# [REQUIRED ACTION]
Omitting the images, transcribe the records below exactly as they stand.

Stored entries
•••••
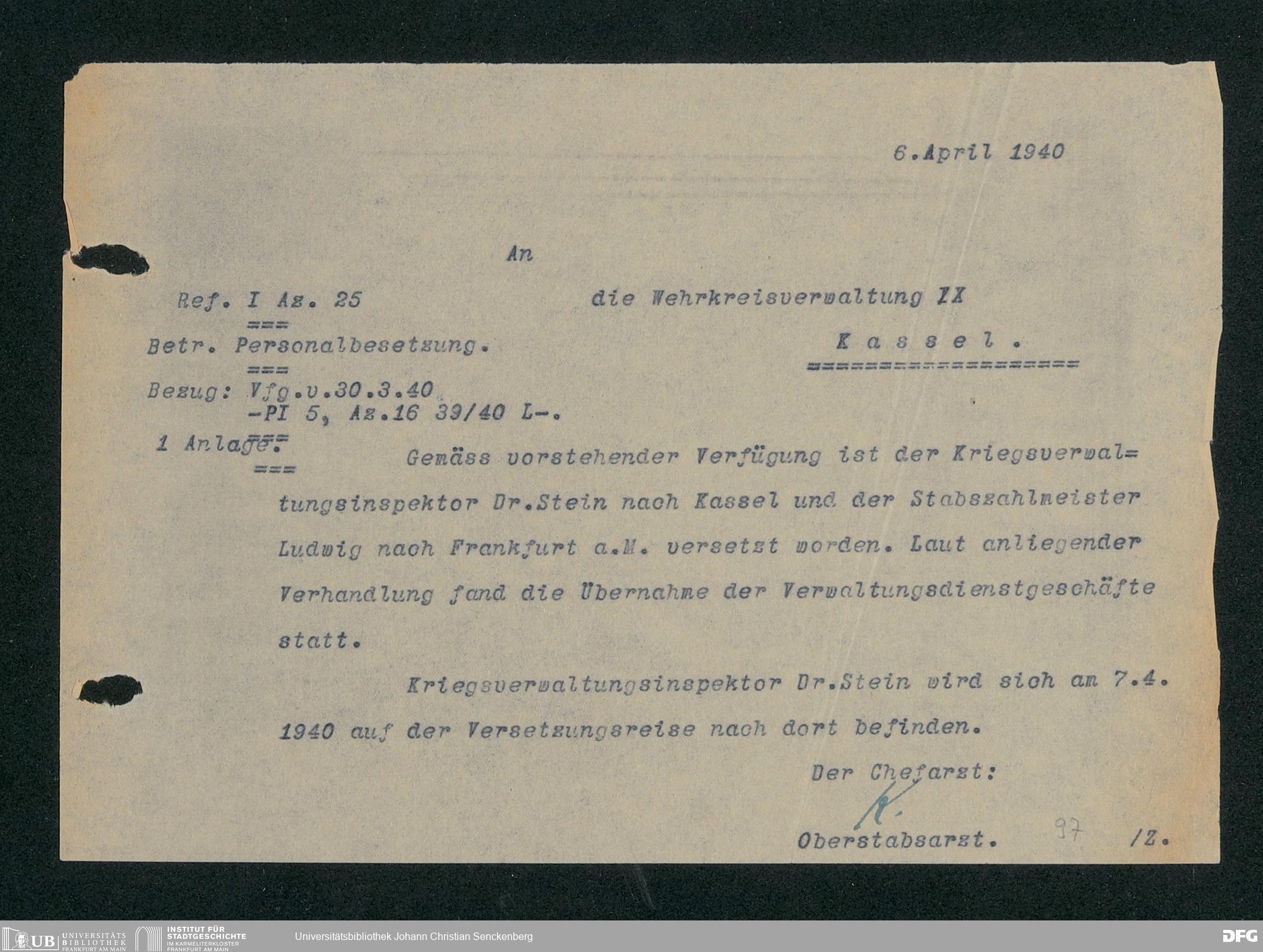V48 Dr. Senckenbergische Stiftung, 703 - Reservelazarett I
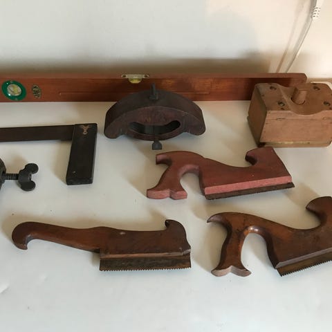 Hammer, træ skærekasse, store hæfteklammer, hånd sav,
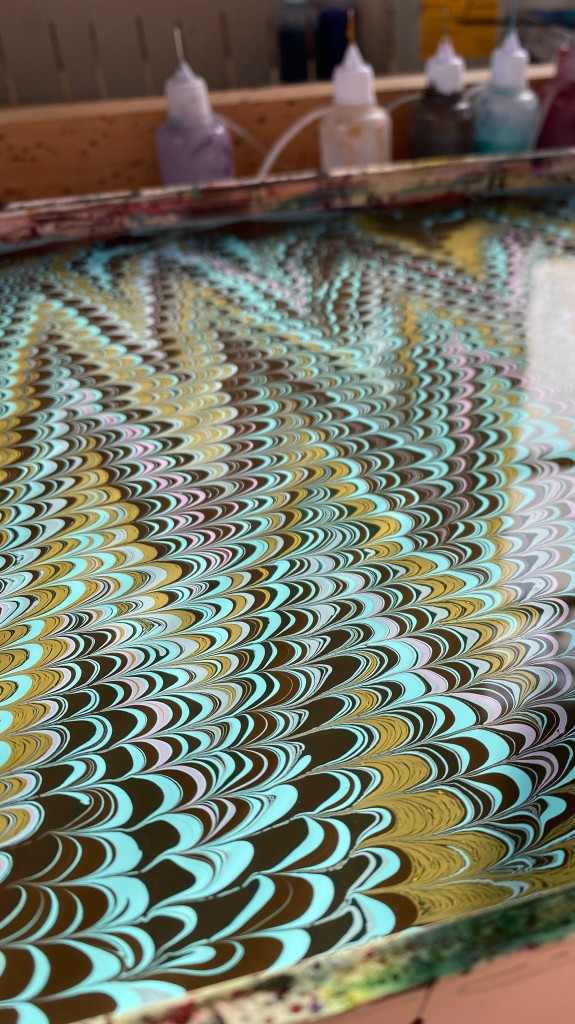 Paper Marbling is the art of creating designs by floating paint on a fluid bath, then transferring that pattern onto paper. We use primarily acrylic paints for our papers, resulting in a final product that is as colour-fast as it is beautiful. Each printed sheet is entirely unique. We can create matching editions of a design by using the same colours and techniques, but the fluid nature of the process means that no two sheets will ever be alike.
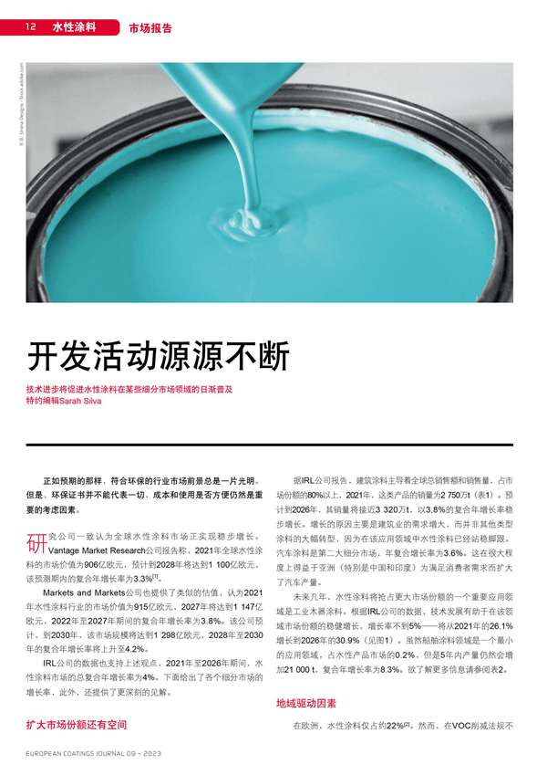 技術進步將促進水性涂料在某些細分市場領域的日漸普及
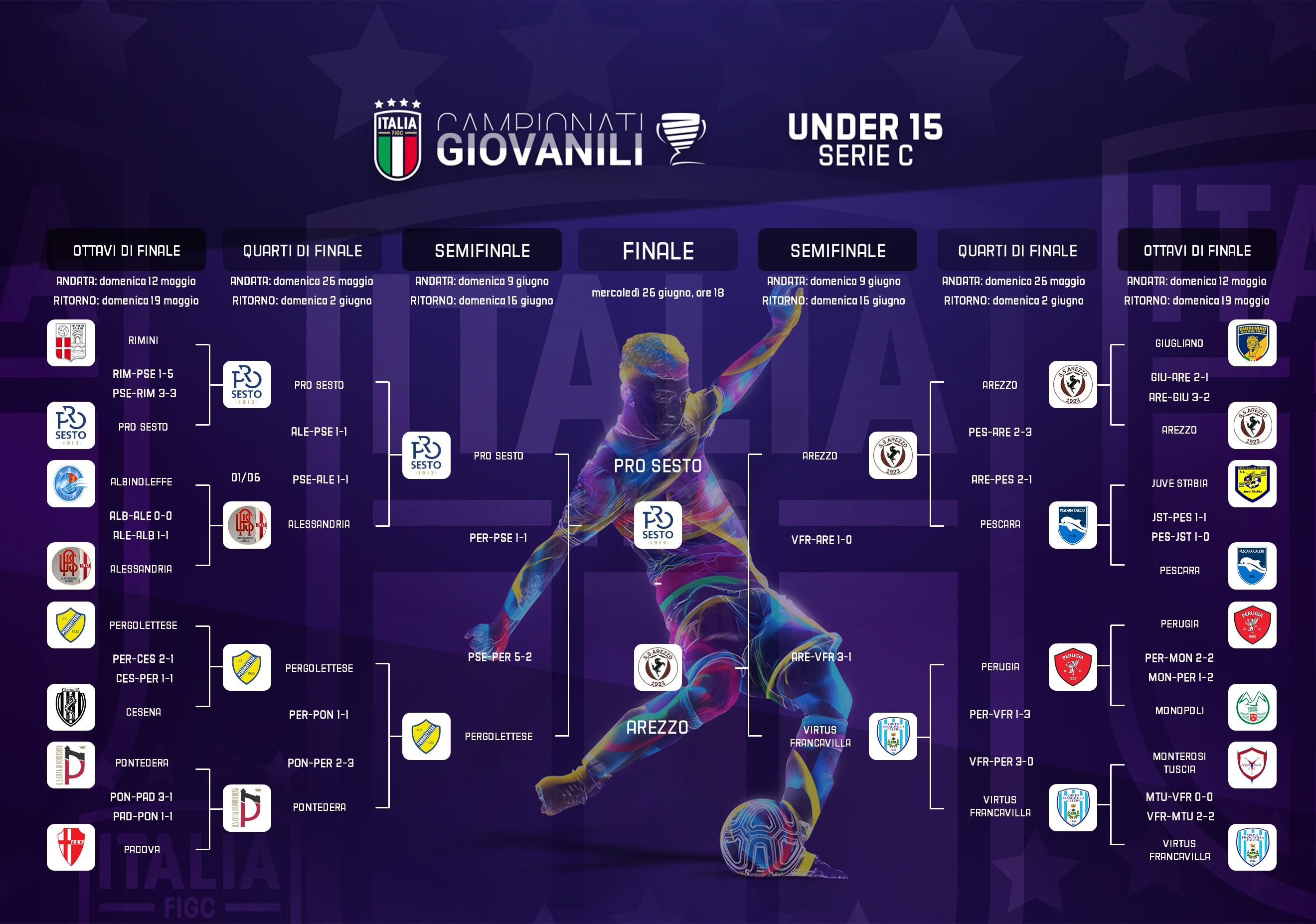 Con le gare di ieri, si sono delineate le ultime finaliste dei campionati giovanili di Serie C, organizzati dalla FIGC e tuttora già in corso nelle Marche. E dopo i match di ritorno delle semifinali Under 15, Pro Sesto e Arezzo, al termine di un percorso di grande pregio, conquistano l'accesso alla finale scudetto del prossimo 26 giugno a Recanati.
•••••
# [SOLUTION TO THIS TASK]
V48 Dr. Senckenbergische Stiftung, 703 - Reservelazarett I
 Hammer, træ skærekasse, store hæfteklammer, hånd sav,
 Paper Marbling is the art of creating designs by floating paint on a fluid bath, then transferring that pattern onto paper. We use primarily acrylic paints for our papers, resulting in a final product that is as colour-fast as it is beautiful. Each printed sheet is entirely unique. We can create matching editions of a design by using the same colours and techniques, but the fluid nature of the process means that no two sheets will ever be alike.
 技術進步將促進水性涂料在某些細分市場領域的日漸普及
 Con le gare di ieri, si sono delineate le ultime finaliste dei campionati giovanili di Serie C, organizzati dalla FIGC e tuttora già in corso nelle Marche. E dopo i match di ritorno delle semifinali Under 15, Pro Sesto e Arezzo, al termine di un percorso di grande pregio, conquistano l'accesso alla finale scudetto del prossimo 26 giugno a Recanati.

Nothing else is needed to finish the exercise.